Ni-chrome 80: Gauge & Ohms Per Foot
Gauge AWG Ohms Per Foot
Ni200 (Pure Nickel) Wire
With a heat resistance of 2624: Fahrenheit, Ni200 wire is pliable and easily moldable. It is a metal alloy that has awesome thermal and electrical properties. Funnily enough, it is not meant to be used on RBA’s as the only coil. Why? Because nickel has virtually no resistance, making it ideal for modern temperature control systems in use today on many popular mods.

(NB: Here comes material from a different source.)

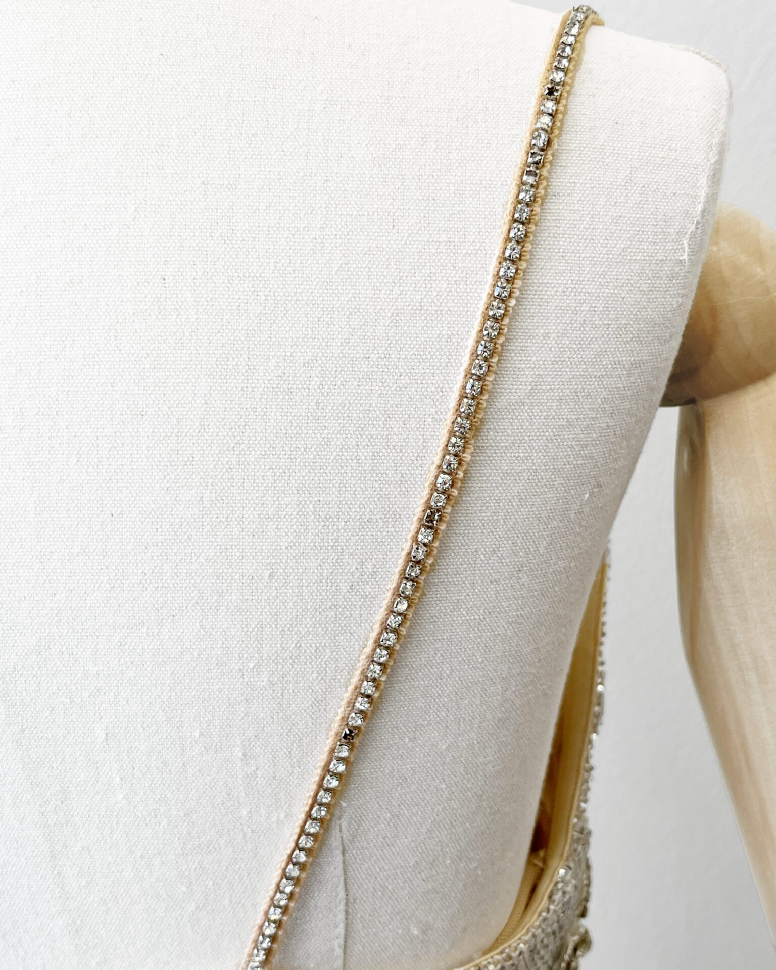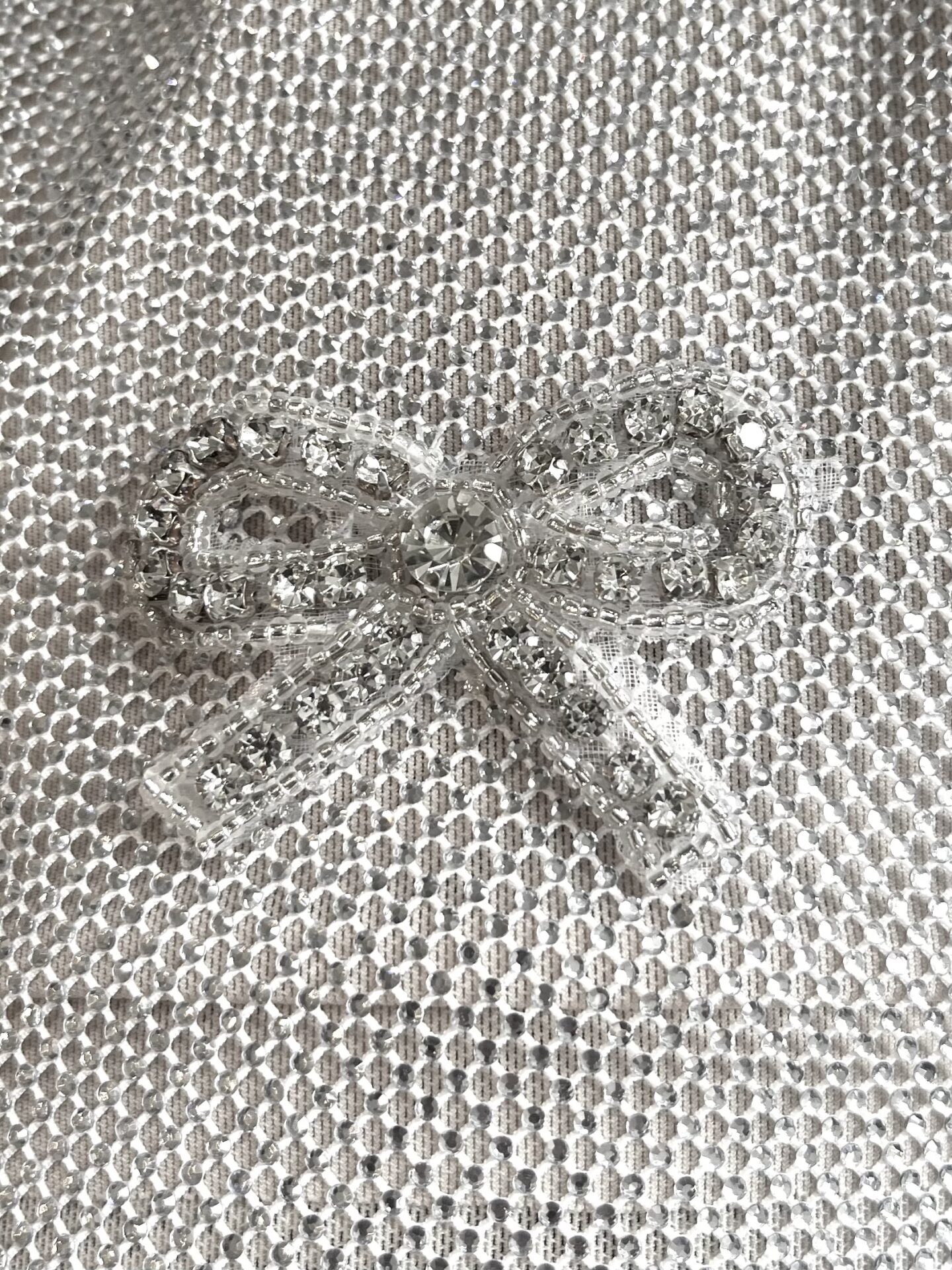 Silver sparkly crystal embellished LoveShackFancy Wilden dress with nude slip and crystal bow details throughout dress.

Characteristics of Ni200 Wire when used in Temperature Control coils
Ni200 is widely available in the following gauges: 28, 30, & 32. Because of the Temperature Coefficient, only pure nickel wires are used in temperature control mods. Temperature Control mod chipsets can calculate the temperature of the coil build in real time by measuring the resistance of the nickel wires while the mod is being used. For decent accuracy the coil should be about room temperature before being used with a TC mod.
The confusion seen with Ni200 or Ni-Chrome is understandable. While Ni200 is pure nickel with virtually no resistance, it’s a prime metal for temperature control mods. However, Ni-Chrome 80 is a nickel/chromium compound, and it is not used in temperature control mods…not yet anyway.
While this is just my opinion based on what I have learned, I never recommend Ni-Chrome 80 just because there are other, safer, better, metals to work with. My belief is that, ultimately, Ni-Chrome 80, and especially Ni-Chrome 60, is just not safe enough.
I hope that if you found this article through a Google or Bing search you’ll come away with the understanding that Ni-Chrome and Ni200 are completely different wires used for different purposes. Ni-Chrome, despite its wicked ramp up time, should become a thing of the past.